See ref. 58 for a description of genes, encoded proteins and their physiological role.
Extended Data Fig. 2 Drug-dependent growth inhibition curves.
(a) Rich medium (LB, liquid culture). Data points (black) show growth rates for three replicates of the wild type and of membrane mutants at different drug levels d (measured in units of the half-inhibitory concentration of the wild type, \(d_{50}^{{\mathrm{wt}}} = 8.7{\mathrm{mg}}/{\mathrm{l}}\)). Coloured points show the average growth across replicates and bars indicate rms. experimental uncertainties, colours mark the drug level of the Luria–Delbrück assay used to elicit each mutant, \(d_{{\mathrm{LD}}}/d_{50}^{{\mathrm{wt}}} = 0.9\), 1.8, 3.6 (violet, pink, red). The wild type is shown for comparison (grey curves). Empirical growth inhibition curves, \(\lambda (d)/\lambda _0^{{\mathrm{wt}}} = G(d;W,d^ \ast ,\lambda ^ \ast )\) (lines) involve three independent fit parameters for each mutant: the drug-free growth rate, \(W = \lambda _0/\lambda _0^{{\mathrm{wt}}}\) and the drug response parameters19 d*, λ*; see equation (17). These fits also produce estimates of the membrane transport rates, γin and γout and of the characteristic drug levels dc and d50. For each mutant, the critical point (dc, G(dc)) (square) gives the empirical growth rate at the predicted critical drug concentration; this point is used in Fig. 4a. Inferred growth and resistance parameters for all membrane mutants are listed in the table in Extended Data Fig. 3, raw data are reported in Supplementary Table 1. (b) Minimal glycerol liquid medium. Data points show growth rates of the wild type and of Cpx stress response mutants elicited at \(d_{{\mathrm{LD}}}/d_{50}^{{\mathrm{ref}}} = 0.9\). All drug levels are measured in units of \(d_{50}^{{\mathrm{ref}}} = 8.7{\mathrm{mg}}/{\mathrm{l}}\).
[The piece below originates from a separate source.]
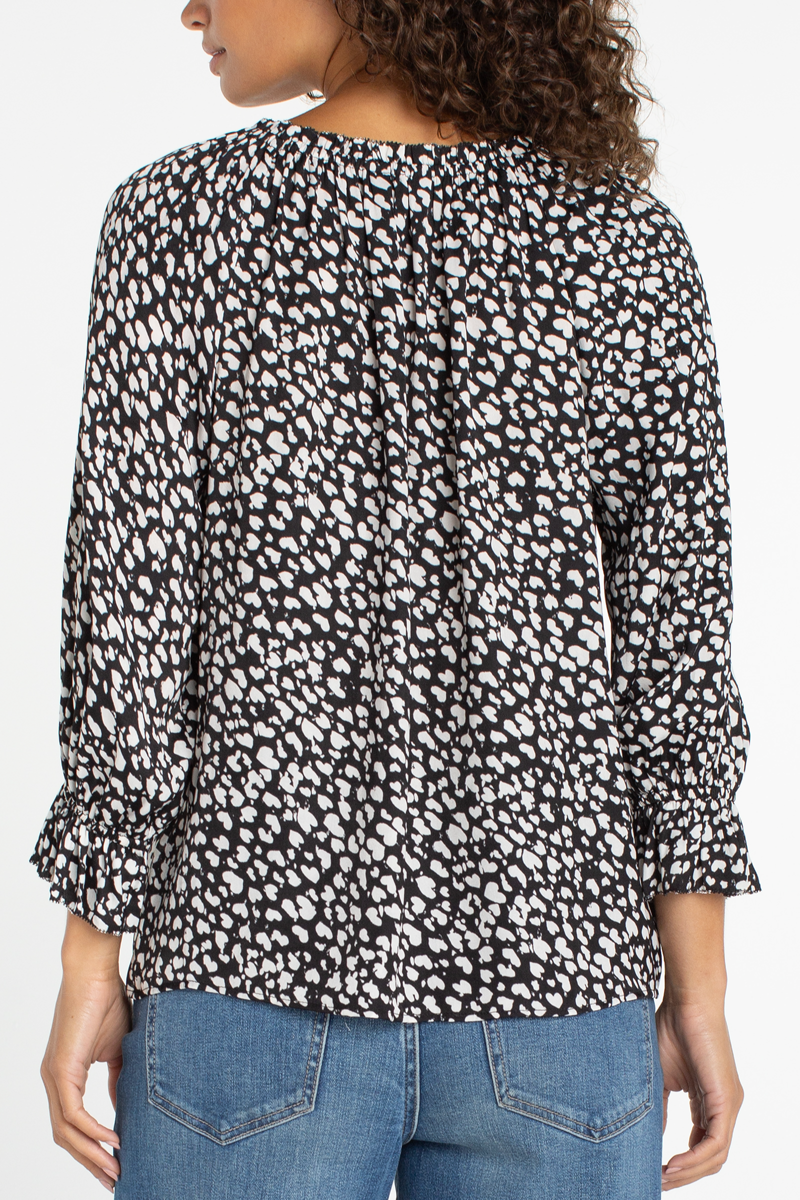 This 3/4 Sleeve Button Front Woven Top with Ruffle Details is a breezy button-front blouse with soft gathers at the neckline and ruffle trim. The Capsule Collection top is crafted in a lightweight woven fabric with billowy three-quarter sleeves and elasticized cuffs for subtle volume. Pair it with jeans or tailored pants for an easy everyday or office-ready look.

The fit procedure is detailed in Methods.
Extended Data Fig. 3 Growth and resistance data of membrane mutants.
(1) Mutant number. (2) Drug level of Luria–Delbrück assay, \(d_{{\mathrm{LD}}}/d_{50}^{{\mathrm{wt}}}\). (3,4,5) Posterior average parameters of the membrane evolution model: resistance cost, \(W = \lambda _0/\lambda _0^{{\mathrm{wt}}}\); drug response parameters, d*/\(d_ \ast ^{{\mathrm{wt}}}\), \(\lambda _ \ast /\lambda _ \ast ^{{\mathrm{wt}}}\). (6,7) Membrane transport rates: uptake rate \(\varepsilon = \gamma _{{\mathrm{in}}}/\gamma _{{\mathrm{in}}}^{{\mathrm{wt}}}\); release rate, \(\gamma _{{\mathrm{out}}}/\gamma _{{\mathrm{out}}}^{{\mathrm{wt}}}\). (8) Resistance, \(R = d_{50}/d_{50}^{{\mathrm{wt}}}\). (9) Critical drug level, \(d_{\mathrm{c}}/d_{50}^{{\mathrm{wt}}}\). All concentrations and rates are reported in units of the wild-type parameters \(d_{50}^{{\mathrm{wt}}} = 8.66{\mathrm{mg}}/{\mathrm{l}},d_ \ast ^{{\mathrm{wt}}} = 3.13{\mathrm{mg}}/{\mathrm{l}}\), \(\lambda _0^{{\mathrm{wt}}} = 2/{\mathrm{h}},\lambda _ \ast ^{{\mathrm{wt}}} = 0.37/{\mathrm{h}}\). Measured growth rates and inferred growth inhibition curves are shown in Extended Data Fig. 2. Inference procedures are detailed in section 3 of Methods.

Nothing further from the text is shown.